Maybe that’s you today. Maybe you’re in the tribe. Maybe it’s your friend or sister or mom stuck down in that glass. Maybe you feel helpless watching them fight, wondering your role. Listen to me, dear one. You have a big job. God Himself sings over us. Zephaniah 3:17 says
“The LORD your God is in your midst, a mighty one who will save; he will rejoice over you with gladness; he will quiet you by his love; he will exult over you with loud singing.”
It is holy work, the staying and the singing. You may not be the one to tip the glass for her this time, but oh, how she needs you to stay. Just stay with her. And you can trust God to do his job. To send a glass-tipper when it’s time.
you’re the sparrow stuck in the glass. Maybe you’ve given up on fighting. You see the open air above you, but you just can't seem to get out. And you’re tired. So very tired.
You don’t have to do this alone. Your tribe will not leave you. Can’t you hear them? They are calling out to you. While writing this, I was reminded of the verse in Matthew that says,
“Are not two sparrows sold for a penny? Yet not one of them will fall to the ground outside your Father’s care. And even the very hairs of your head are all numbered. So don’t be afraid; you are worth more than many sparrows
Don’t you give up… Help is on the way. Someone is coming to tip your glass, to shift the things you cannot control and help you find your way. I know it feels like you're here to stay, at the bottom of this smelly old glass. But you aren't. I promise.

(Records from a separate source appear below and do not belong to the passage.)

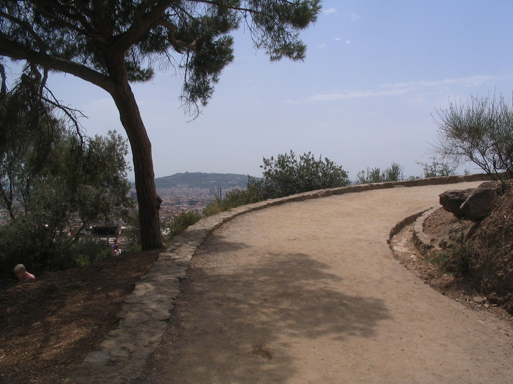 Rounding up to the highest hilltop in the Park, with Montjuïc just visible.
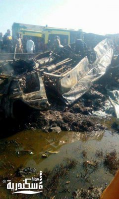 تلقي اللواء / مصطفي النمر مساعد الوزير مدير أمن الإسكندرية إخطاراً من العميد /مدير إدارة الحماية المدنية مفاده إشتعال النيران في أتوبيس نهاية كوبري الالماني الطريق الدولي الساحلي المتجه الي الاسكندرية دائرة قسم محرم بك أثر إنقلاب الاتوبيس نتيجه خطأ لم يثبت بعد قد يكون من السائق أو خطأ نجم عن تهور قائد سيارة اخري مما تسبب فى محاولة سائق الاتوبيس تفادي وقوع اصطدام.
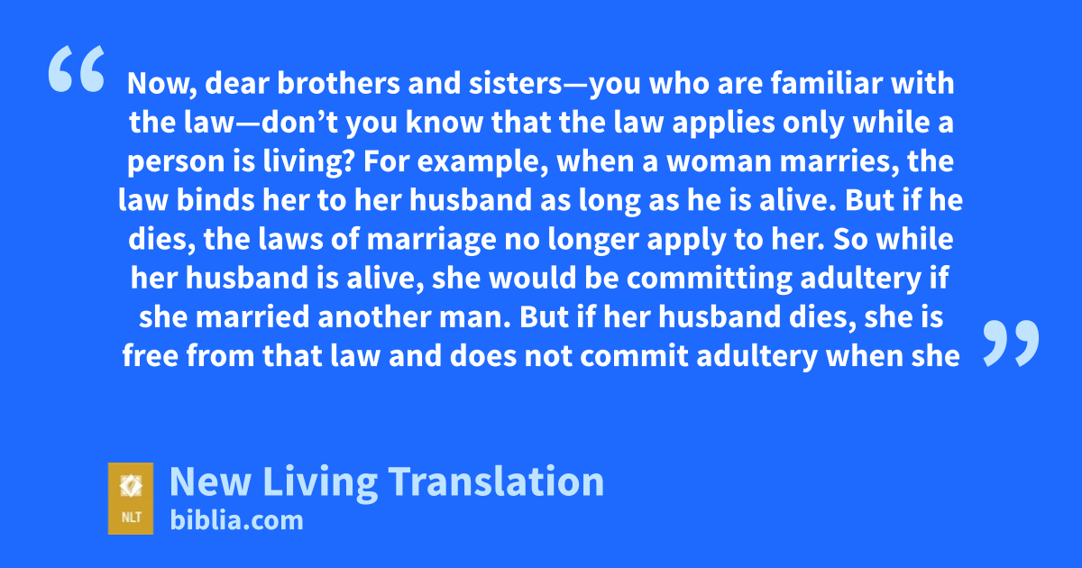 Now, dear brothers and sisters* —you who are familiar with the law—don’t you know that the law applies only while a person is living? 2 For example, when a woman marries, the law binds her to her husband as long as he is alive. But if he dies, the laws of marriage no longer apply to her. 3 So while her husband is alive, she would be committing adultery if she married another man. But if her husband dies, she is free from that law and does not commit adultery when she remarries.
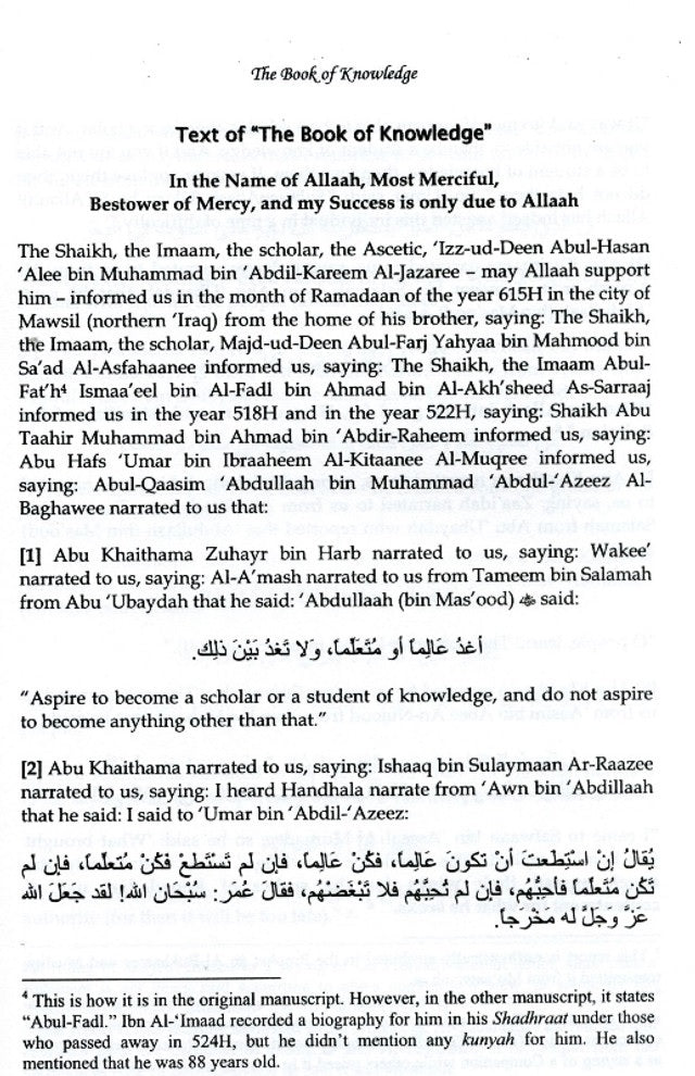 This is the first book in the "Classical Knowledge Series" - a collection of selected scholarly works from the past that deal with the subject of religious knowledge. This particular book is a translation of the famous classical work "Kitaab-ul-'Ilm", a collection of narrations about the virtues, merits, manners, and etiquettes of knowledge, written by Imam Abu Khaithama An-Nasaa'ee (Died 234H). In this initial installment, the reader will have a glimpse into the statements and actions of our pious predecessors with regard to seeking, spreading and implementing knowledge. - -- There are over 160 narrations in total, including statements of the Prophet, his Companions, the Taabi'een and the succeeding early generations. In addition to this, the great scholar of Hadeeth of recent times, Imam Muhammad Naasir-ud-Deen Al-Albaanee, has reviewed the treatise and verified the narrations contained within it, distinguishing the authentic from the weak. So this treatise is of great benefit and deserving of being read and studied by every Muslim, whether in gatherings or individually. Lastly, due to the nature of verifying narrations, many terms related to the Science of Hadeeth were employed by Imam Al-Albaanee throughout the footnotes in the treatise. Explanations of these terms and concepts can be found in the Glossary section at the back of the book. We ask Allah to make this publication a guiding light to those who read it and an invaluable resource of reference for those who study it and use it for research. Important Note: This book contains the Arabic text for all of its narrations including the vowelization of all letters so as to make it an easy to study reference-guide. It is the perfect book for people to study in gatherings and circles or for one to just read on his own and encourage himself to seek and spread knowledge. May Allah accept this effort? About the Author: He was a great Haafidh (i.e. scholar of Hadeeth), reliable in narration and firm in memory. He narrated hadeeth from many scholars, the likes of Sufyaan bin ‘Uyainah, Hushaym bin Basheer, Yahyaa bin Sa’eed Al-Qattaan, ‘Abdur-Rahmaan bin Mahdee and Wakee’. Similarly, many scholars narrated from him, such as Al-Bukhaaree and Muslim, the latter of who reported so many hadeeth on his authority that they number past a thousand. The scholars agree unanimously upon his reliability and trustworthiness. Ibn Hibbaan (rahimahullaah) said of him: “He was precise and accurate in narration. And he was one of the close companions of Ahmad and Yahyaa bin Ma’een.” Al-Khateeb Al-Baghdaadee (rahimahullaah) said: “He was reliable, trustworthy, a Haafidh (scholar of Hadeeth) and precise (in narration).” He was born in the year 160H and died in the year 234H, may Allah have mercy on him.
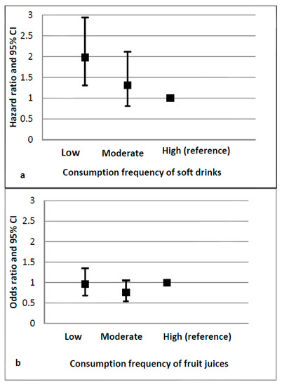 Figure 1 illustrates that the lower the frequency of sugary beverages consumption, the higher the odds for a child to consume water in high frequency. However, only the low frequency of soft drinks intake—and not the moderate one—was significantly associated with high water consumption frequency (Figure 1a). The frequency of fruit juices consumption was not associated with the one regarding water (Figure 1b). The education level of the mother and the country did not significantly modify the aforementioned associations, but they proved to be confounders.
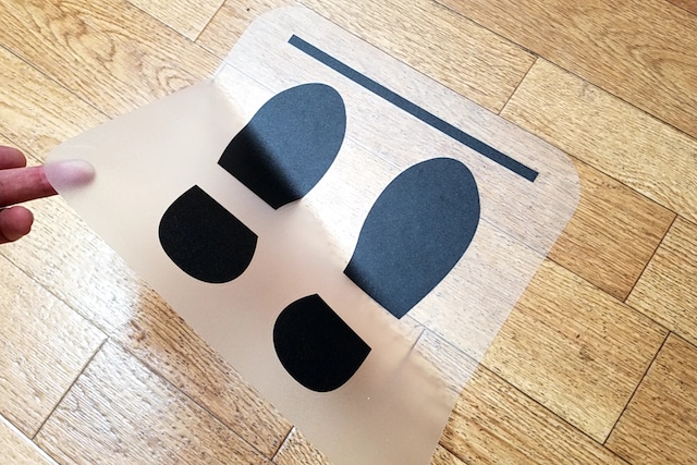 貼りたい足型の位置にある、現状の床(Pタイルやフローリング、クッションフロアなど)をキレイに拭いてから、空気が入らないように貼ってください。

She limped a bit at first, visibly tired and hindered by her time in confinement.
Her flock whooshed in though, flanking all sides, their tinny victory cries bouncing off the dusty glassware around us.
Then all of a sudden in one effortless motion, she shot into the air.
She remembered she could fly.
And I watched, as one by one, the other birds fell into formation behind her, and they all flew out the open doors into the dewy morning air.